Auto industry is one of the best earning sectors in many countries around the world and all the dynamics and contributing factors are available for the promotion of this sector in Pakistan. The country has strong subsidiary industry but it is always been overlooked by the police makers and the political elite at the helm of affairs. Ignoring this vital sector is leading the nation to nowhere as the subsidiary or the cottage industry is the base of the industrialization of the developed economies including Japan, Korea and China. The present government was expected to announce its auto policy this year, but the matter is being deferred on one pretext or the other and Finance Minister Ishaq Dar, who is also the chairman of the Economic Co-ordination Committee of the Cabinet, has yet to pay attention on this sector.
Earlier, the Federal Board of Revenue had expressed some reservations about the proposed incentives for the new entrants in the industry and the matter was deferred without reaching a conclusion. A committee was entrusted with the job to prepare the new auto policy, but it has yet to define limits and parameters for the new scheme of things in the background of the present auto policy which is not consumer friendly. The exorbitant prices of vehicles is not in the interest of the companies, government and the consumers alike whereas international safety and quality standards are often ignored in the manufacturing of the vehicles at a local level. The government has to work on two points. How much to allow the import of foreign brands and how many vehicles should be produced annually in the local manufacturing units. The vehicles produced in the country should have indigenous touch as just assembling does produce revenues, but it keeps the scope of the industry within limits. There is a need to rationalize tax regime as the demand of the vehicles will grow at a fast rate in the coming years and low tariffs will definitely increase the scope and volume of auto industry in the country.
Till now only Japanese companies are allowed to building assembling plants in Pakistan and reliance on a single country only lead to a blind alley at the end of the day.
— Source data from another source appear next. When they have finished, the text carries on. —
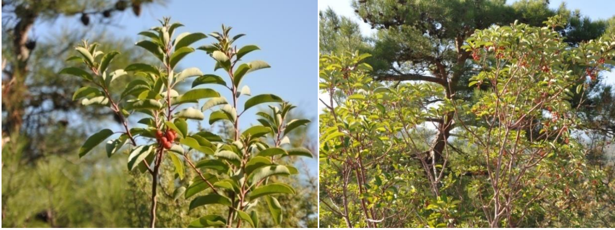
Fig. 4. The view of Arbutus in the forests of Hacigelen Village (2019).

The arbutus plant was determined in its natural environment in Çanakkale region by Şeker et al. (2004) and examined morphologically. Body thickness is 14.61 cm. was measured. Its leaves average 21.42 mm. wide and 52.44 mm. tall and the average petiole length is 7.62 mm. is Flowering period is November-January. In general, the flowers are narrow-tipped, round, bell-shaped. Although the compound petals are cream colored, light pink and pink petaled types have also been encountered. The total number of flowers in the clusters is 29, the number of flowers in the bouquets in the clusters is between 3-6. The average flower length is 7.52 mm. and flower tip opening is 3.27 mm [34].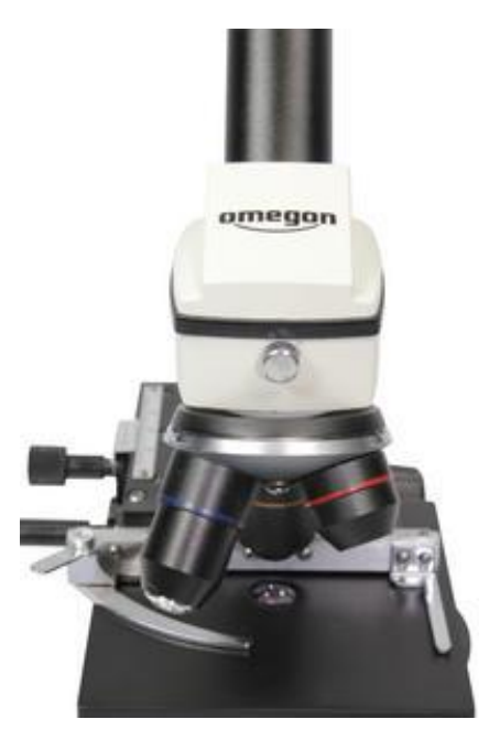
The objective turret and objectives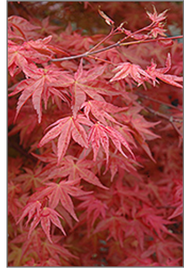
Suminagashi Japanese Maple foliage

This tree does best in full sun to partial shade. It prefers to grow in average to moist conditions, and shouldn't be allowed to dry out. It is not particular as to soil pH, but grows best in rich soils. It is somewhat tolerant of urban pollution, and will benefit from being planted in a relatively sheltered location. Consider applying a thick mulch around the root zone in winter to protect it in exposed locations or colder microclimates. This is a selected variety of a species not originally from North America.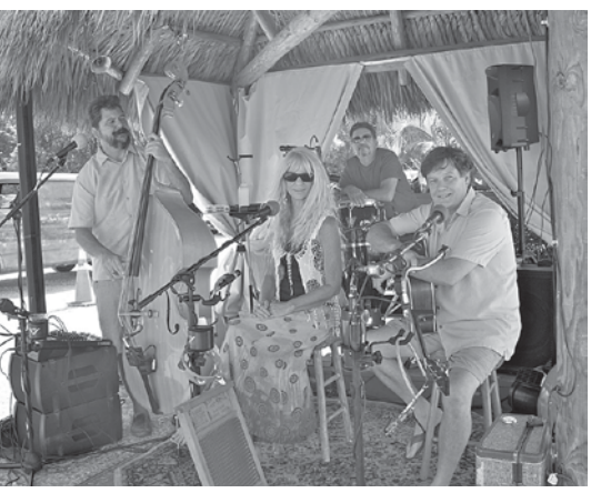
Sweetwater at Snooks Bavside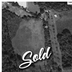
507 CR 1735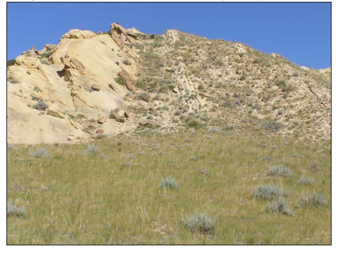
Figure 7. Physaria didymocarpa var. lanata habitat on Boyd Ridge. By Stephanie Zier.

Figure 6. Physaria didymocarpa var. lanata habitat at Muddy Creek. By Bonnie Heidel.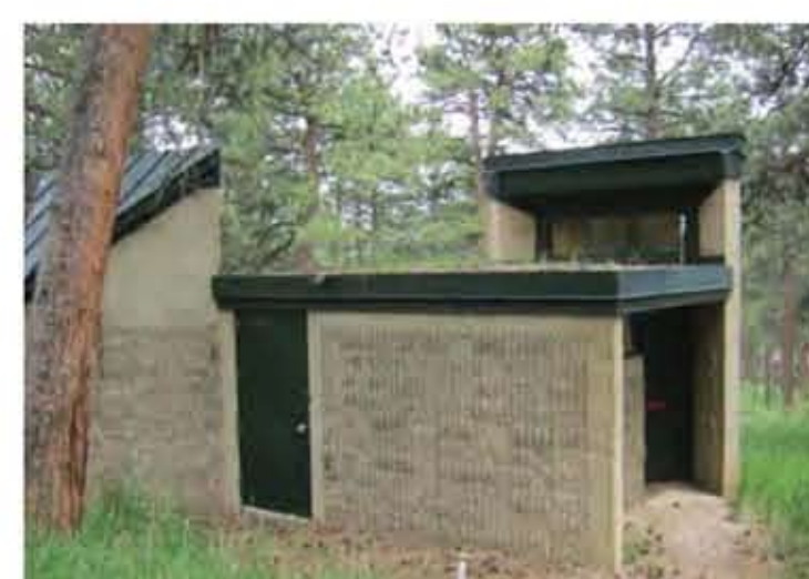
17. EXISTING RESTROOM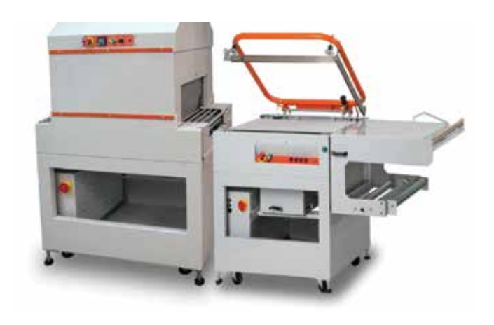
Clamco 4T Tunnel

Clamco manufactures a variety of L-Bar Sealers, Tunnels, Combos and One Step shrink units. Pair an L-Bar Sealer with a Clamco shrink tunnel for a complete shrink solution, or choose a Combo system which include a sturdy L-bar sealer and powerful shrink tunnel. Dempack One Step units incorporate seal, trim and shrink into a single operation.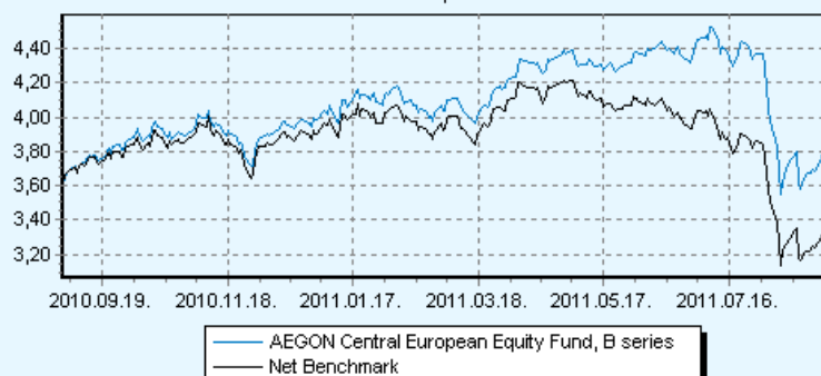
NET ASSET VALUE PER SHARE, 2010.09.01 - 2011.08.31

Past performance is no guarantee of future results. This report should not be considered as an offer or investment advisory. The Fund Prospectus contains the detailed conditions of the investment. The distribution costs of the fund purchase can be found at the distributors.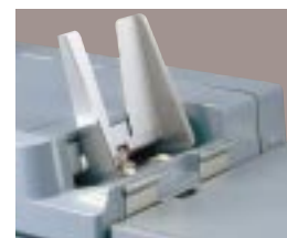
Option (Extension hopper)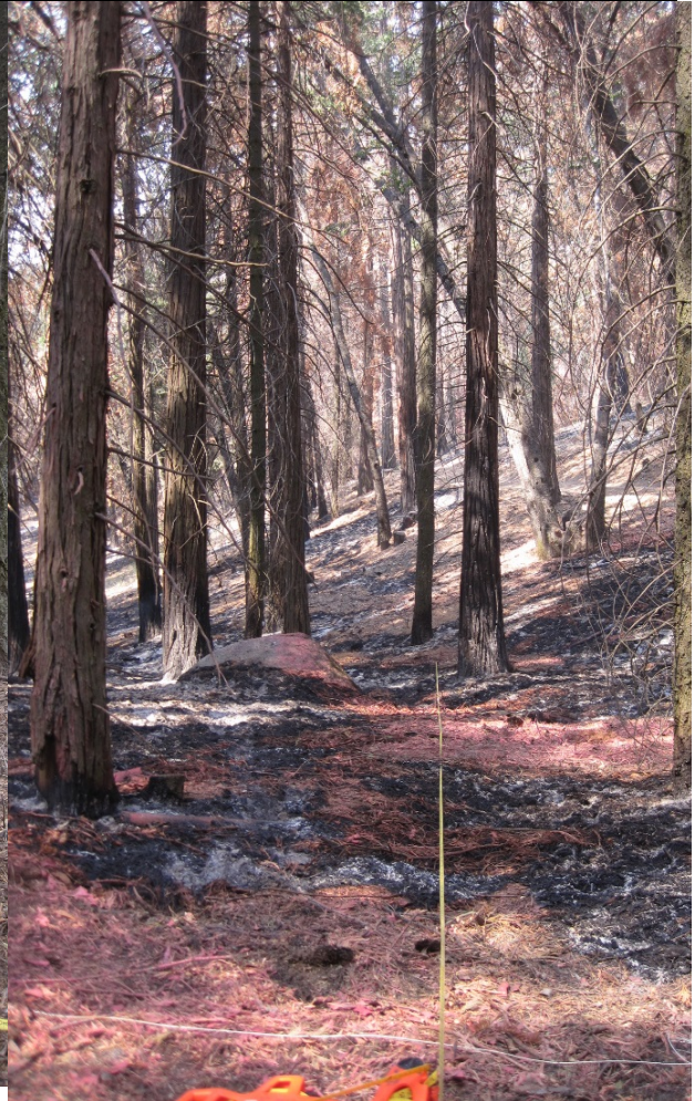
Plot 5 Transect 3, Post-fire, 50- 0ft

According to the Economic Survey 2014-15, Pakistan owes $5.5 billion to Japan and it should not be forgotten that strings of economic and political interests are always attached with loans and grants from any country. Therefore, instead of accepting loans and grants, the policy makers should insist on direct foreign investment in the country to boost the economy. No doubt Pakistan has vast experience and potential to emerge as the leading car and spare parts manufacturer and the government can earn a lot from this sector if a prudent auto policy is devised and implemented.